Le origini della questione del Nagorno-Karabakh risalgono a molto tempo fa e vanno inserite nel complesso mosaico etnico della regione del Caucaso, in cui con la nascita degli Stati nazione dopo la caduta dei grandi imperi è diventato difficile tracciare linee di demarcazione precise, anche quando queste non andavano a dividere Stati sovrani ma repubbliche autonome dell’ex Unione sovietica. E così il territorio del Nagorno-Karabakh, abitato in gran parte da armeni, finì per diventare un’oblast autonoma all’interno della Repubblica socialista sovietica di Azerbaigian, collegato alla Repubblica socialista sovietica di Armenia tramite il corridoio di Lachin, tornato tristemente attuale nel corso dell’ultimo scontro armato. Oltre a questo, l’Armenia ottenne la provincia di Syunik e l’Azerbaigian l’exclave di Naxchivan in un risiko che mostra la complessità etnica dell’area.

Se la fine dell’ex Jugoslavia ha avuto esiti traumatici che ben conosciamo, il crollo dell’Unione Sovietica in molti casi non è stato da meno, non risultando sempre un processo pacifico e lineare come avvenuto per alcuni Stati divenuti indipendenti. È il caso, ad esempio, della situazione del Nagorno-Karabakh, che già alla fine degli anni ’80 era oggetto di contesa tra le repubbliche socialiste sovietiche del Caucaso che con l’indipendenza di Armenia e Azerbaigian, nel 1991, sfociò in una guerra per il suo controllo raffreddatasi solo nel 1994. Yerevan prese il controllo di gran parte della regione contesa, dando vita all’autoproclamata repubblica dell’Artsakh, non riconosciuta dalla comunità internazionale.
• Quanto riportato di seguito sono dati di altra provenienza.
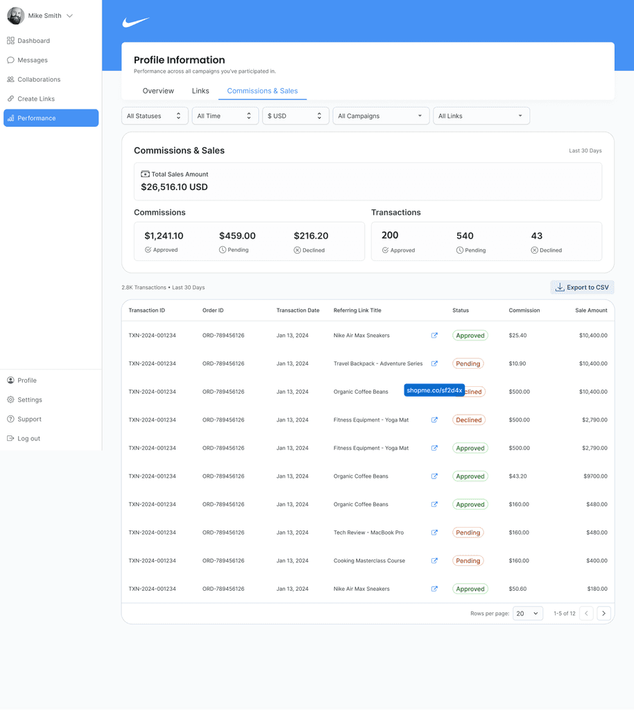 This tab answers the top support question: what got approved, what’s pending, what was declined. A summary band shows Total Sales for the period, then three cards break down commissions by state. The table lists transactions with status chips, order IDs, referring links, and amounts; exports match what’s on screen.
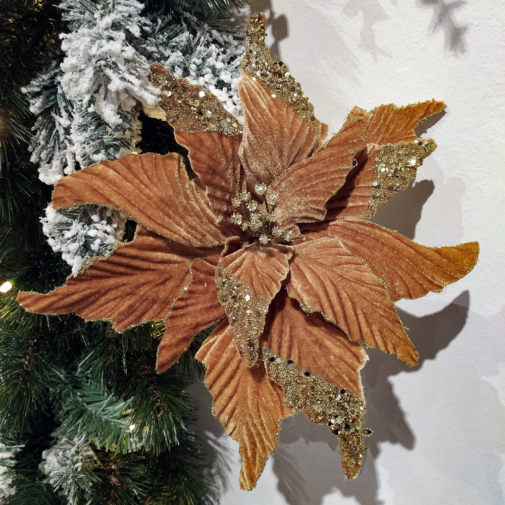 Красивый цветок - качественный, аккуратно сделан - делает елку богато украшенной .

Da quel momento diversi scontri armati si sono succeduti, di cui uno particolarmente determinante nel 2020 che ha portato di fatto all’isolamento della piccola repubblica autoproclamata. Quando lo scorso settembre le truppe azere hanno lanciato l’attacco contro l’Artsakh, il piccolo territorio si è trovato in netta inferiorità di uomini e mezzi e si è dovuto arrendere, intraprendendo colloqui che hanno portato alla dissoluzione della repubblica.
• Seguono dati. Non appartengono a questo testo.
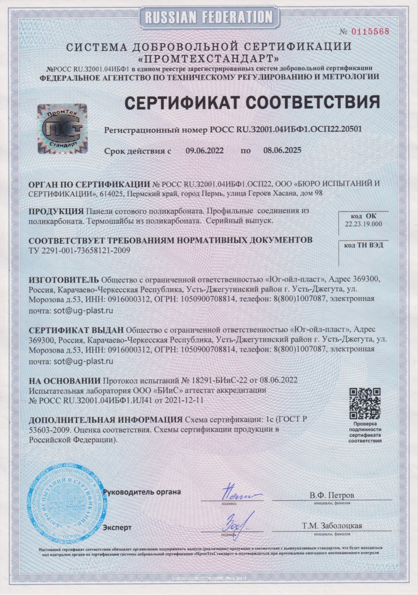 Подтвержденное сертификатами и действующими ГОСТ

Ora la domanda è cosa succederà ai cittadini dell’Artsakh, una realtà statale che seppur non riconosciuta è esistita per circa 30 anni e da cui molti abitanti sono fuggiti verso la vicina Armenia. In quanti di loro rimarranno? Con che status? Otterranno dall’Azerbaigian, che ne ha ripreso il controllo, uno status autonomo come succede in situazioni etniche complesse? Sono queste le incognite che dovranno trovare una risposta nei colloqui in corso.